• Data records:
——————
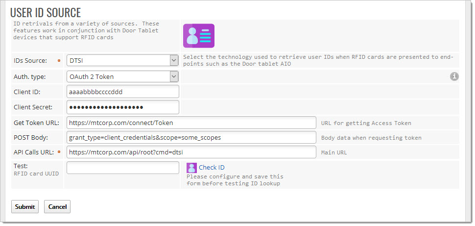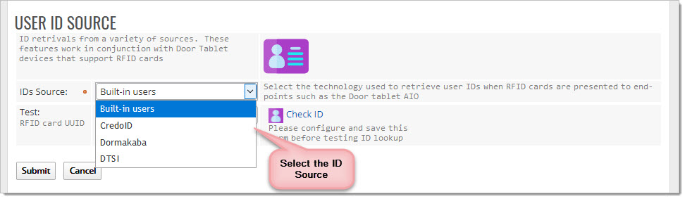 As you will see, the default ID Source is the Door Tablet built-in users. To use another source, further configuration is required. Current options:
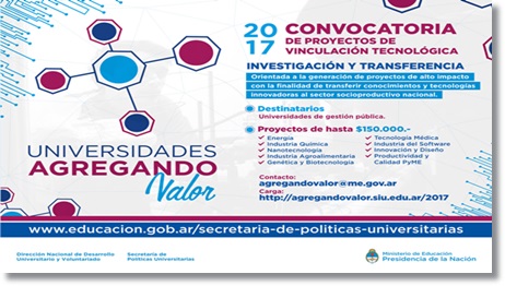 Se ha dado apertura de la Convocatoria de Proyectos de Vinculación Tecnológica “Universidades Agregando Valor” 2017, formalizada en la Resolución SPU Nº RESOL-2017-4285-APN-SECPU#ME. La misma permanecerá abierta para la carga de proyectos desde el miércoles 23 de agosto hasta el viernes 29 de septiembre.
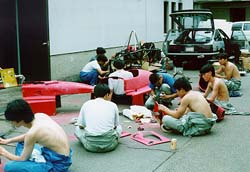 カウル磨き部隊。 このfjのカウルは、かなり痛んでいました。 欠ていたり、割れている部分もありましたし、割れたあとの 補修がいい加減で段差になっていましたから、 磨いてパテで補修をして面をだします。 |
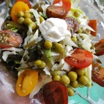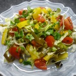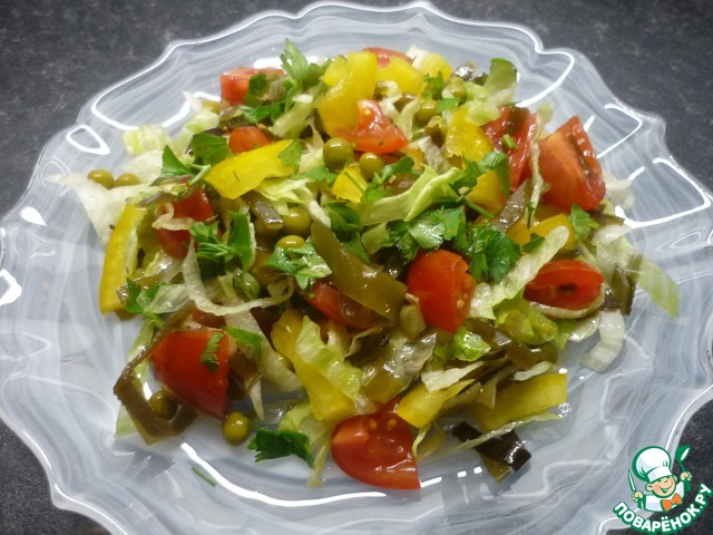 Для приготовления салата нам понадобятся: пекинская капуста, четверть кочанчика, морская капуста (200 г), перец 1 шт, помидоры маленькие 3 шт, ½ банки горошка. Заправляем маслом.
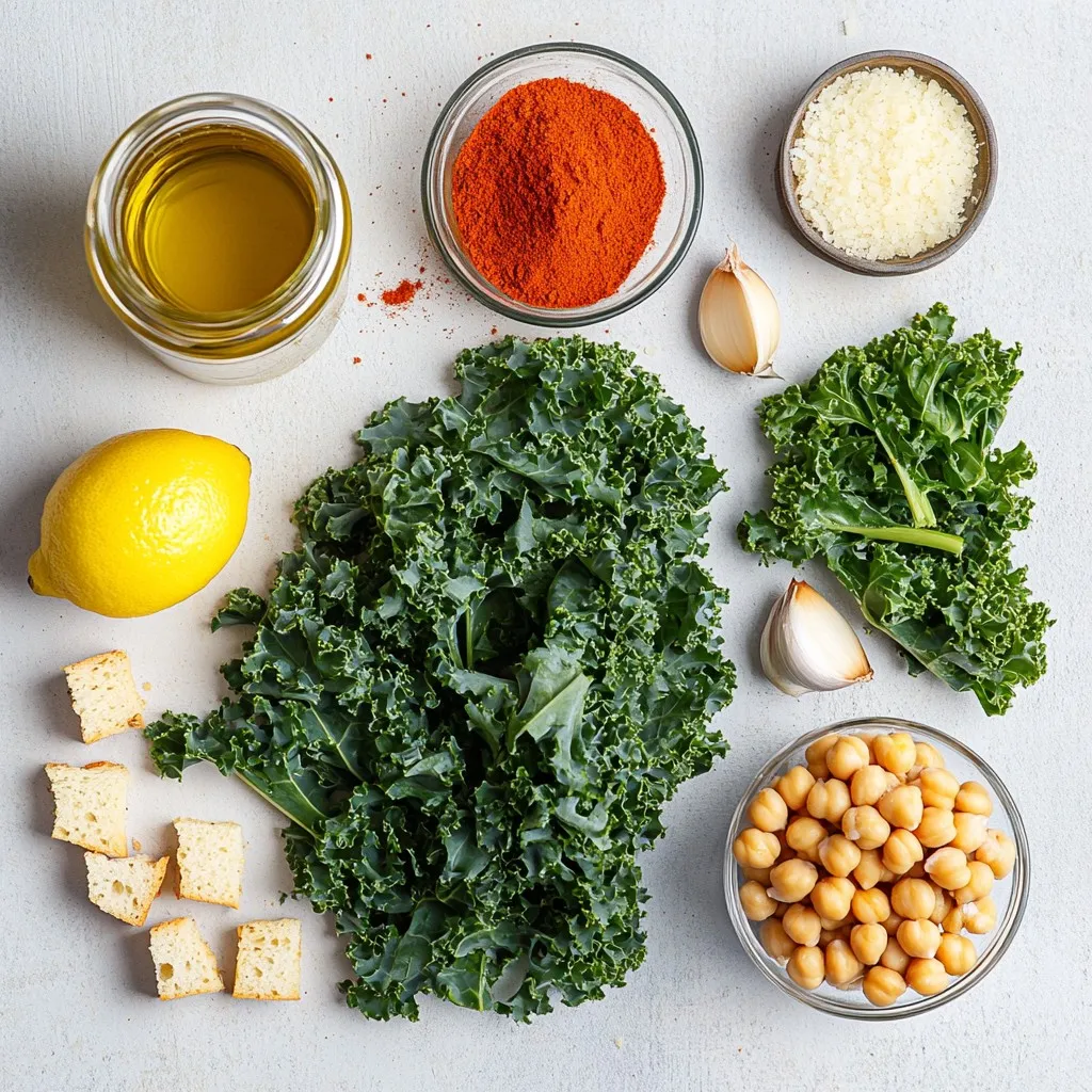 To make this Kale Caesar Salad with Crispy Chickpeas, you need:
——————
• Description of the task: Print out every record above exactly as given. Do not include the pictures.

• Result of the exercise:
 As you will see, the default ID Source is the Door Tablet built-in users. To use another source, further configuration is required. Current options:
 Se ha dado apertura de la Convocatoria de Proyectos de Vinculación Tecnológica “Universidades Agregando Valor” 2017, formalizada en la Resolución SPU Nº RESOL-2017-4285-APN-SECPU#ME. La misma permanecerá abierta para la carga de proyectos desde el miércoles 23 de agosto hasta el viernes 29 de septiembre.
 カウル磨き部隊。 このfjのカウルは、かなり痛んでいました。 欠ていたり、割れている部分もありましたし、割れたあとの 補修がいい加減で段差になっていましたから、 磨いてパテで補修をして面をだします。 |
 Для приготовления салата нам понадобятся: пекинская капуста, четверть кочанчика, морская капуста (200 г), перец 1 шт, помидоры маленькие 3 шт, ½ банки горошка. Заправляем маслом.
 To make this Kale Caesar Salad with Crispy Chickpeas, you need:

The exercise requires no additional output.